Free-for- all ahead of Mangaung 2012

When our reporters decided to dig deeper into Sports Minister Fikile Mbalula’s affairs and his interactions with Cricket South Africa this week, they stumbled on a familiar player in our body politic: the Gupta family.

It was a bit of a surprise finding in this unfamiliar terrain, but the information pointed to the family’s interest and influence in the administration of sport and its not-so-great relationship with Mbalula.

But the name was there all right and, suddenly, an inquiry into some cricket administrators who did not want their finances probed had ANC Mangaung 2012 connotations.

Various other instances are leading to the conclusion that everything and anything will henceforth be influenced by politicians with an eye to 2012. But unlike before Polokwane, where we had open hostility between former president Thabo Mbeki and President Jacob Zuma, you now have two coy presidential candidates who are not playing their cards openly, leading to wild speculation, reasonable inferences and conspiracy theories.

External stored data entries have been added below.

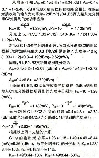 分光比。由千光接收端輸入光功率過(guò)低將導(dǎo)致輸出的C/N值過(guò)低,過(guò)強(qiáng)會(huì)導(dǎo)致非線(xiàn)性失真過(guò)大且CTB、CSO 指標(biāo)惡化,從而達(dá)不到網(wǎng)絡(luò)所需的指標(biāo)要求,在此光接收端輸入光功率我們?nèi)?2dBm作為設(shè)計(jì)值,計(jì)算中保留2位小數(shù)。
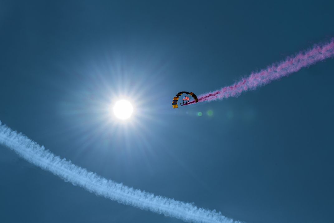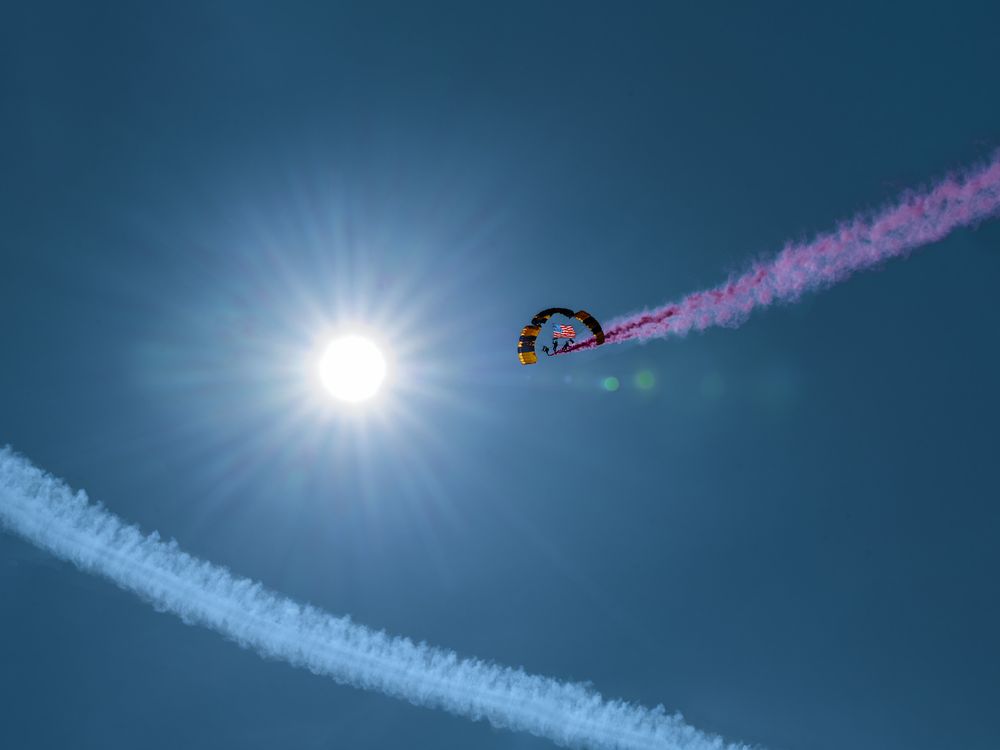 The photo was taken in the annual Air Show held at Jones Beach in Long Island. Three pilots were jumping out of the plane. They were flying in the air with their parachutes open and the American flag fluttering in the sky.
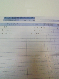 茶碗蒸しに入ってる栗が大好きゆかたんです。アレってやたらと食べたくなる時があるんだよなぁ・・・・そんな事は置いといて、タイトルの“告白”一体何を告白するのかと言えば、現在私は猫のモモちゃんをかってますが・・・・・・・・ ・・・・・・・・ ・・・・・・・・ アタクシ、猫アレルギーでしたこれには流石に参りましたねぇ。モモが家に来た日、『おやおや?鼻水が・・・・・』そして翌日、『アレレ?目がかゆいなぁ・・・・・ってかマブタ腫れてないか?!』そして翌々日深夜、『咳が止まらない!!ヒューヒューする!!』勿論、アタクシは喘息持ちではありません。流石にこういった症状が出ると、何をしていても辛いっっ翌日病院へ行きました。念のため血液検査をして頂き、薬を処方してもらいました。ちなみに血液検査では、猫・ハウスダストの検査を依頼しました。そして本日、検査結果を聞いてまいりました。写真がぶれてて見づらいですが、見事なまでに猫アレルギーでしたお医者さんには、『完全に猫アレルギーですね。』と言われ、更に、『鼻水と目のかゆみで治まってればまだ大丈夫ですが、 喘息が出ると命の危険もありますよ。』と言われてしまいました。だからと言って、私はモモを誰かに譲る気が全くないので当然アレルギーは薬で抑えつつ、寝室は別々に、掃除は今まで通り、掃除機&○イックルワイパーで拭き掃除を毎日、空気清浄機をこれから購入・・・・・と考えてます。彼は、彼の実家に譲ろうと言ってましたが、『そんなのありえない』と一蹴しました。今まで、猫ちゃんを飼っている友達の家に泊っても(私の周りには何故か猫を飼ってる子が多い)、こんな事無かったのに・・・・色々調べてみたら、抵抗力が弱ってる時にアレルギーになりやすいみたいですね。私はアレルギーと戦わねばっとかなり闘志を燃やしておりますよ。以上で告白終了ですそんな私をよそに、モモは今日も元気です先日、かわいい一人娘の為にキャットタワーを購入致しました買う予定は全く無かったんですが、半額だったのでついつい寝てるねぇどうやら気に入った様で、ココで毎日寝てますそうそう。この写真では首輪してますが、昨日モモは首輪をちぎりました全くやんちゃな娘ですまた、かわいい首輪探ししなきゃ
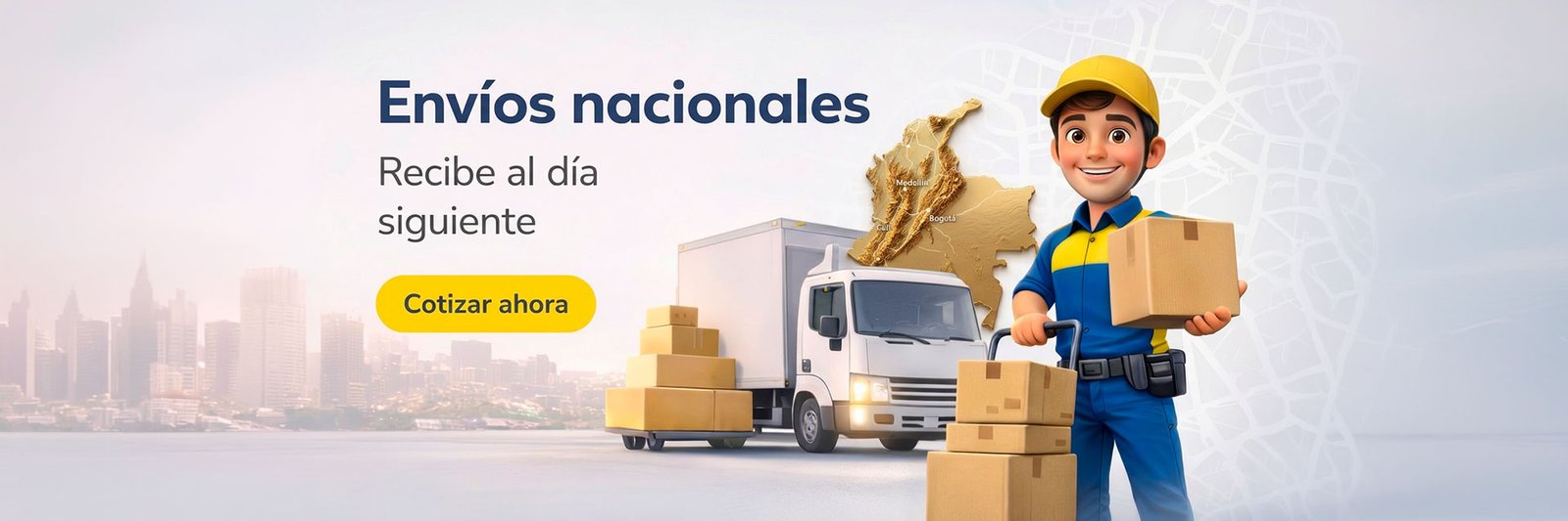 Despacha a cualquier ciudad del país con tarifas competitivas y tiempos confiables. Envíos nacionales rápidos con entregas en aproximadamente 24 horas.
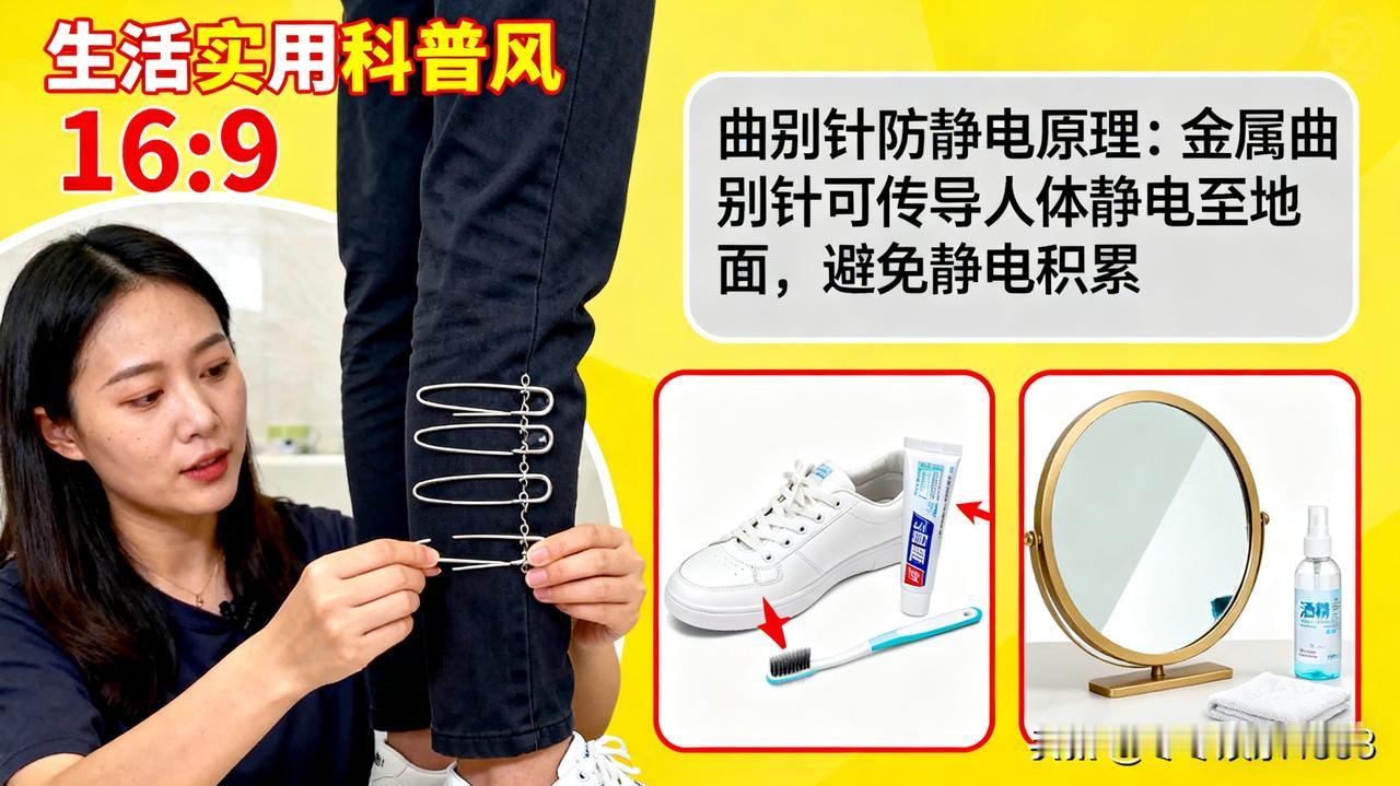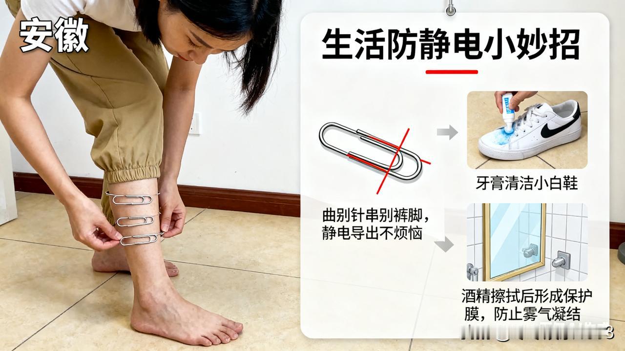 冬天到了,静电成了不少人的困扰,脱衣服时 “噼里啪啦”,握手时还会被 “电” 一下。不过安徽有位女子想出了零成本的解决办法,她用 3 个曲别针串成串别在裤脚,当 “人工地线”,轻松解决了衣服粘腿、身体触电的问题,网友还调侃这是 “静电与穷的奇妙缘分”。 其实,曲别针能防静电是有原理的。静电是静止状态的电荷,不同物体接触分离会产生电荷。曲别针是金属材质,能把静电导走。 生活中,利用小物件和常识解决问题的例子不少。比如用牙膏清洁小白鞋,用酒精擦镜子防雾。大家也可以分享一下自己的小妙招,一起用低成本解决生活大问题!
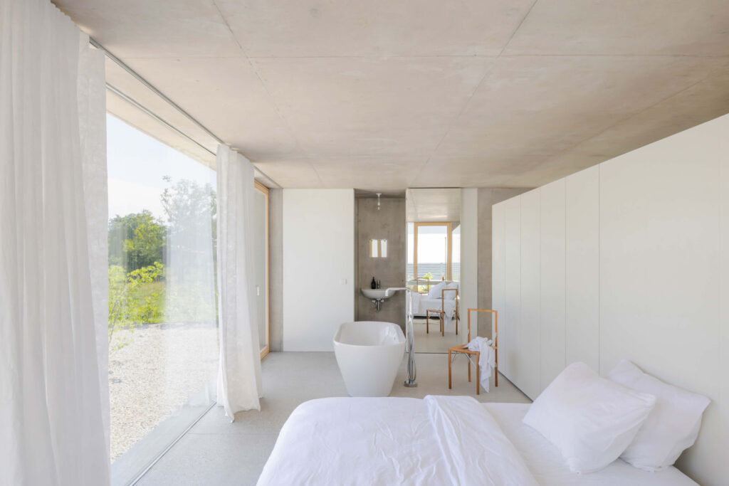 Tudi spalni in kopalni del sledita enaki logiki odprtosti in povezanosti z naravo. Pogledi na vrt in ravnico ostajajo prisotni, hkrati pa zavese in premišljena razporeditev omogočajo umik in zasebnost. Kopalnica z veliko zastekljeno površino deluje kot intimni podaljšek zunanjega prostora, kjer se vsakdanji rituali povežejo z naravnim okoljem.
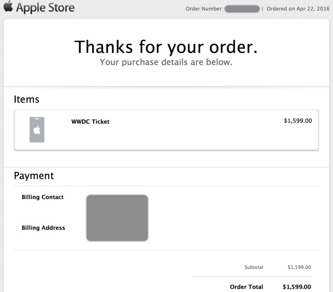 Vývojáři se mohli registrovat na WWDC 2016 od pondělí 18. dubna až do 22. dubna. A nyní Apple začal pomalu rozesílat některým vývojářům „výherní“ e-maily s informací o tom, že se na WWDC 2016 dostali, a že jim budou z účtu strženy peníze nebo vystavěna faktura. Apple sdělil, že všechny e-maily by měly být odeslané do 25. dubna.
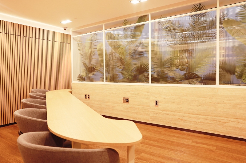아늑한 보호자 대기 공간에는 나무작품으로 알려진 자폐스펙트럼장애 미술작가 이규재 작품도 전시된다.
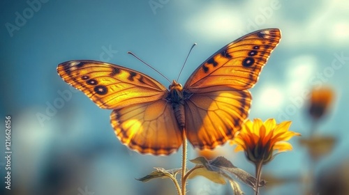 butterfly, flower, meadow, sunny, gold, nature, insect, wing, spring, summer, beautiful, orange, yellow, garden, wildlife, closeup, macro, floral, background, light, day, colours, beauty, free, design, art, image, photo, animal, plant, green, sky, field, leaf, bloom, bright, hope, life, growth, transformation, serenity, peace
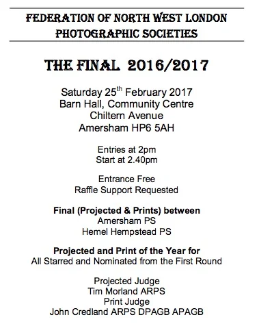 Details of the Final are given on the posters below. EHHPS have two starred projected images from Shaun and Karen and one starred print from Ania
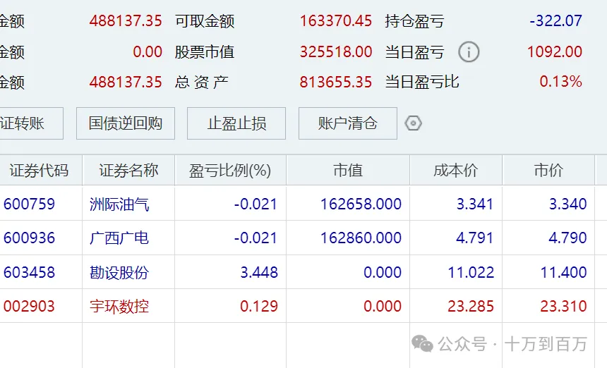 今天打板三个:洲际油气、广西广电成功买进,路畅科技手慢了一下没有买到。
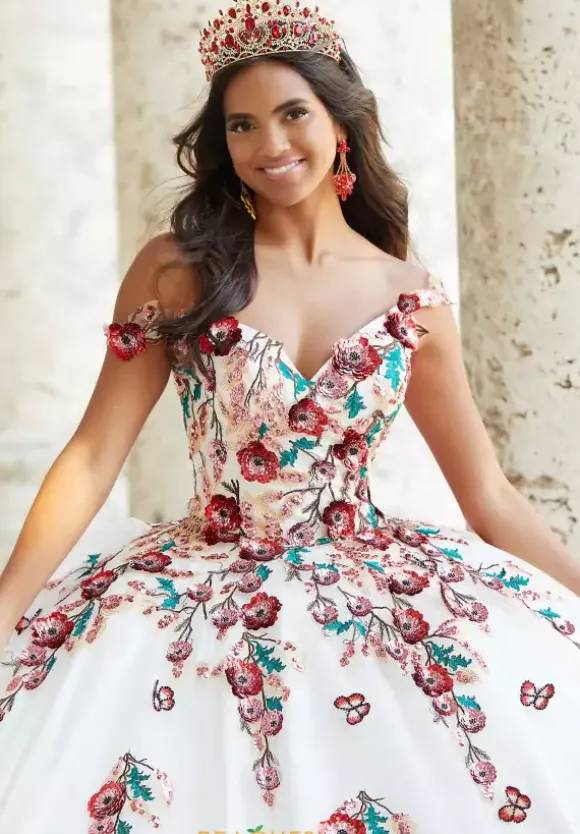 All eyes will be on you when you enter the room in this jaw dropping Tiffany quinceanera dress 26039. The hand sewn details of flowers and butterflies adorn the sweetheart neckline bodice. Cap sleeves fall effortlessly off the the shoulders and comes with a coordinating cape. The tulle skirt hem line is bordered in matching detail all the way around.
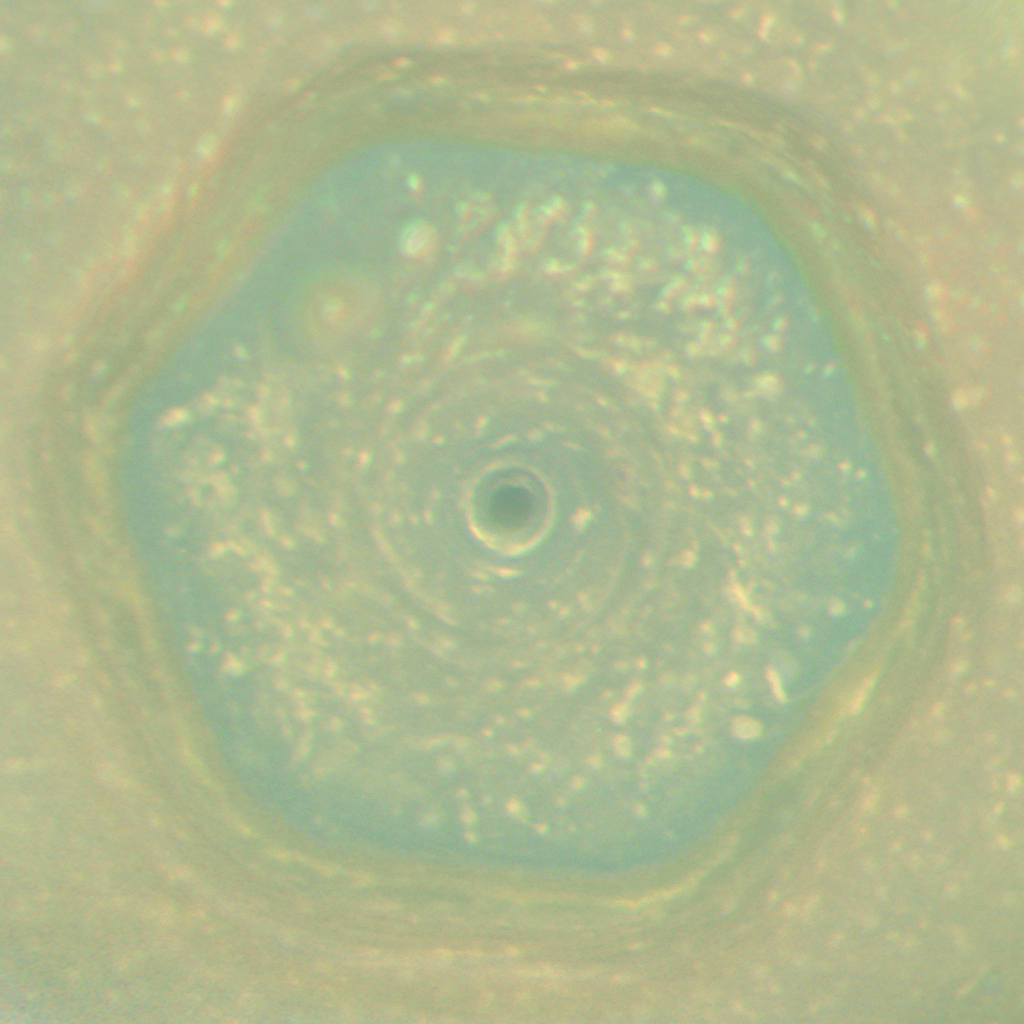 In both views, Saturn's polar hexagon dominates the scene. The comparison shows how clearly the color of the region changed in the interval between the two views, which represents the latter half of Saturn's northern hemisphere spring.

In Deputy President Kgalema Motlanthe, you have a leader who has not played his hand ever since speculation arose that he was being lobbied to challenge Zuma. No one knows exactly where he stands, other than that he will not stand if he is made to challenge Zuma because of his fear that it would rip the ANC apart in the same way that Polokwane did in 2007.

In Zuma, you have a wily fox who has long been in the intelligence game but is inclined to burst out laughing when he is asked tough questions.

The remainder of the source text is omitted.